8 responses so far ↓
Jen_nifer // Apr 5, 2007 at 6:27 am
I’m loving this series. I have a 16-month-old and am delighted with how much he wants to help out around the house. I’m just hoping it continues as wonderfully as it is now. Here are things he does regularly:
Put ice into our glasses or containers
Help us start the washing machine (put clothes in, push the buttons)
Help us unload the washing machine (remove clothes, put clothes that don’t go in the dryer on the bed for us to hang up)
Help us unload the dishwasher (bottom rack only, mainly pots that go in a bottom drawer)
Dust furniture
Supervise vacuuming and moping
He also went through a phase where he wanted to run the Swiffer Sweeper when we were vacuuming, but he started removing the cloth and we had to take it away from him.
He also loves to use the pot scrubber in the sink/on the kitchen counter, but I’ve had to limit how often he does this activity as he usually gets too wet.
http://byrne.ca/johnthomas/year2/images/ScrubbingSink.jpg
Lara Gallagher // Apr 5, 2007 at 7:18 am
Thanks Jennifer! You are a great Mom to let him help you with so many jobs and you will be rewarded for your efforts with a son that’s a big helper even as he gets older!
My two year old has decided she is the only one allowed to vacuum. She gets it out, plugs it in (its central vac so there’s no electrical outlet) and goes to work. She won’t let me get the spots she missed either because she has to put the vacuum away when she’s done and we’re not allowed to touch it again. I have to sneak it out when she’s asleep to finish the job!
Thanks for the adorable photo!
Calene Van Noy // Apr 5, 2007 at 8:53 pm
Oh Lara - what a breathe of fresh air you are! Amen to your thoughts on athletics vs. life skills. I’ve been trying to figure out my children and their sense of worth in our home. I’m going to try harder and give them chores that really make a contribution. I do think it would make a difference in their happiness and self-worth in the home.
Megin Hatch // Apr 6, 2007 at 5:46 am
I absolutely agree that the balance between responsibility and fun usually leans heavily towards fun. I feel so strongly that a healthy person is one who does attain a balance- without forsaking either activity.

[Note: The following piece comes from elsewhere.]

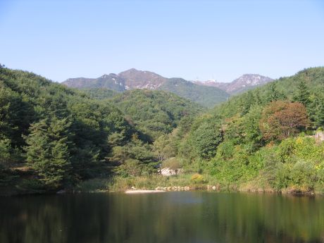 수태골 연못.. 하산하여 다시금 동봉과 서봉을 바라본다.

That being said the idea of cleaning alone or as a family for several hours a day makes me want to throw up a little.
I love your daily habit philosophy and I am trying to incorporate more daily habits for each member of our family… especially myself.
Great series, Lara- I look forward to the next installment.
slouching mom // Apr 7, 2007 at 7:22 am
I’m with Megin. That sounds like an awful lot of cleaning, although the rationale behind having the kids clean is spot on.
My five-year-old has attended Montessori since he was three, and the Montessori philosophy meshes so nicely with your thoughts here. Children want to do constructive work. They don’t view it as work. They take great satisfaction in seeing a project through from beginning to end. They appreciate being part of a community and doing their share.
Jennifer sounds as if she is incorporating the Montessori philosophy in a really lovely way in her own home.
Lara Gallagher // Apr 7, 2007 at 8:22 am
Slouching,
We homeschool so we are home together all day every day. Cleaning up after a family full time takes time!
Lara Gallagher // Apr 7, 2007 at 8:24 am
Megin, I’m so glad you are working on habits. My new habits are saving me!
Circus Mom // Apr 8, 2007 at 7:56 pm
Lara,
These posts are great. Thanks so much for them all, they have helped me out so much.
You have been awarded a Thinking Blogger award, check out my blog for the post!